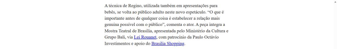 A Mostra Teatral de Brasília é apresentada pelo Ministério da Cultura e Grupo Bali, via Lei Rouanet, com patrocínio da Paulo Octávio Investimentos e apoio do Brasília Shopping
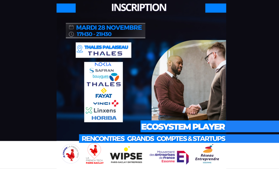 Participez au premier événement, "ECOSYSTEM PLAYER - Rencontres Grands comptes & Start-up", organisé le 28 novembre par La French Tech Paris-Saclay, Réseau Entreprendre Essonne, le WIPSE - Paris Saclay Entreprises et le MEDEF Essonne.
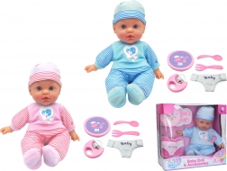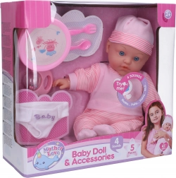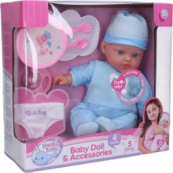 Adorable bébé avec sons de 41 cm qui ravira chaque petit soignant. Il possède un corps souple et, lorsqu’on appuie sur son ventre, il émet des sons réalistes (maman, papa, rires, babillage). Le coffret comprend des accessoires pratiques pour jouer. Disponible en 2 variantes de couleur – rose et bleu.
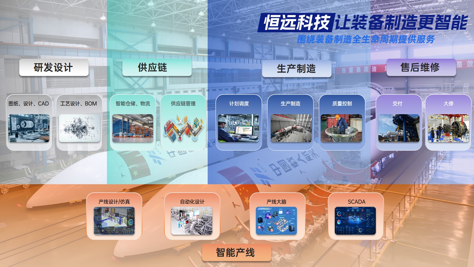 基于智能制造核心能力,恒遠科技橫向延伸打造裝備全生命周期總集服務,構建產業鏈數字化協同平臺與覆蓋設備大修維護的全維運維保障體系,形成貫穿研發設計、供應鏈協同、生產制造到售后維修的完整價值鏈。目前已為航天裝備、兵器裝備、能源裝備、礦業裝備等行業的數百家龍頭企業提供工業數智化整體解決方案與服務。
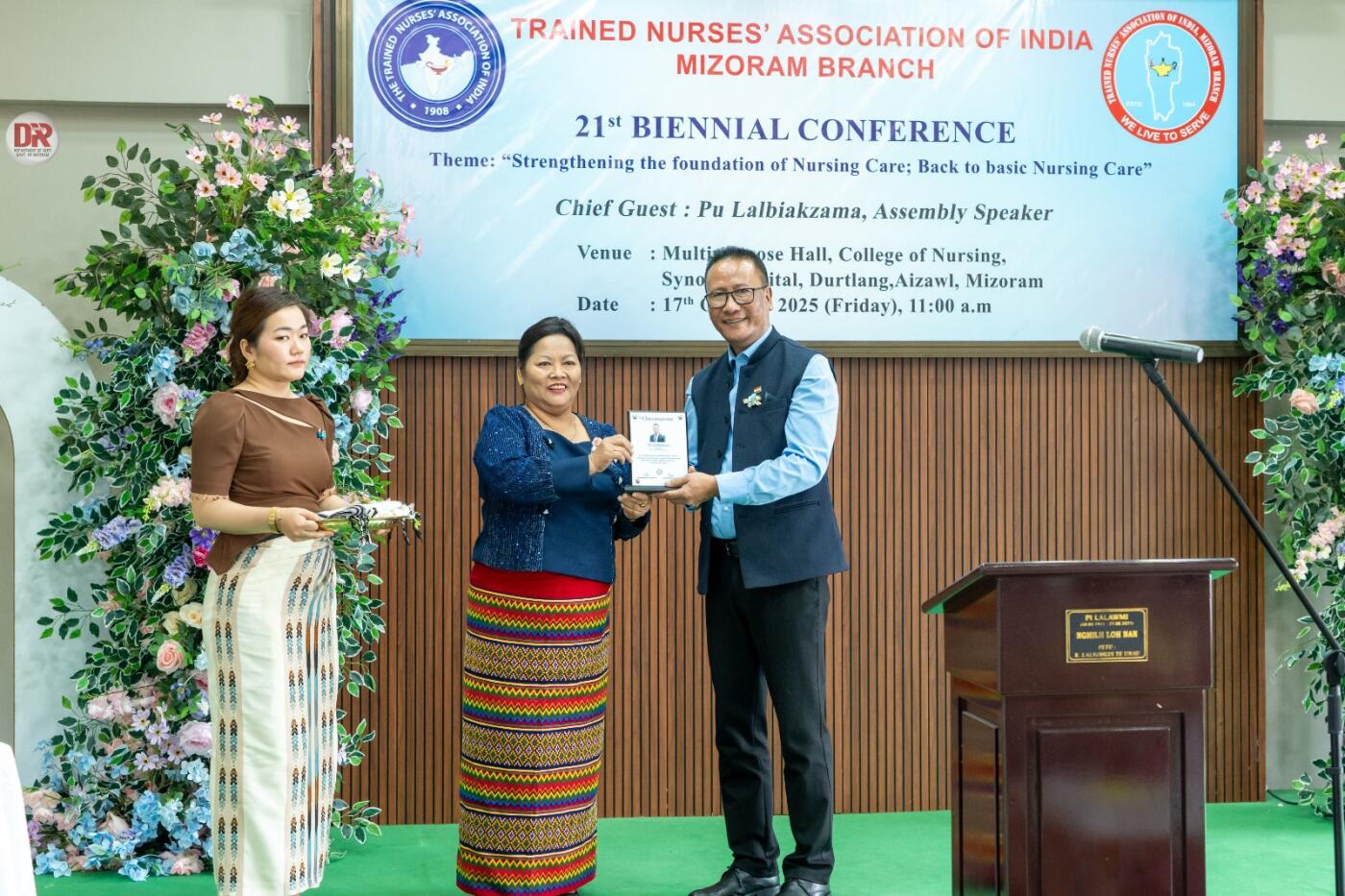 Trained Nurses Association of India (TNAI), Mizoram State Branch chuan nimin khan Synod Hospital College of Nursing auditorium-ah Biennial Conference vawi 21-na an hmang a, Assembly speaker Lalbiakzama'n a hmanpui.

---------------

> REQUIRED WORK
Retype verbatim only the lines beginning with the line that contains "Adorable bébé avec" and ending with the last line of the listing above; pictures are to be excluded.

> SOLUTION TO THIS PROBLEM
 Adorable bébé avec sons de 41 cm qui ravira chaque petit soignant. Il possède un corps souple et, lorsqu’on appuie sur son ventre, il émet des sons réalistes (maman, papa, rires, babillage). Le coffret comprend des accessoires pratiques pour jouer. Disponible en 2 variantes de couleur – rose et bleu.
 基于智能制造核心能力,恒遠科技橫向延伸打造裝備全生命周期總集服務,構建產業鏈數字化協同平臺與覆蓋設備大修維護的全維運維保障體系,形成貫穿研發設計、供應鏈協同、生產制造到售后維修的完整價值鏈。目前已為航天裝備、兵器裝備、能源裝備、礦業裝備等行業的數百家龍頭企業提供工業數智化整體解決方案與服務。
 Trained Nurses Association of India (TNAI), Mizoram State Branch chuan nimin khan Synod Hospital College of Nursing auditorium-ah Biennial Conference vawi 21-na an hmang a, Assembly speaker Lalbiakzama'n a hmanpui.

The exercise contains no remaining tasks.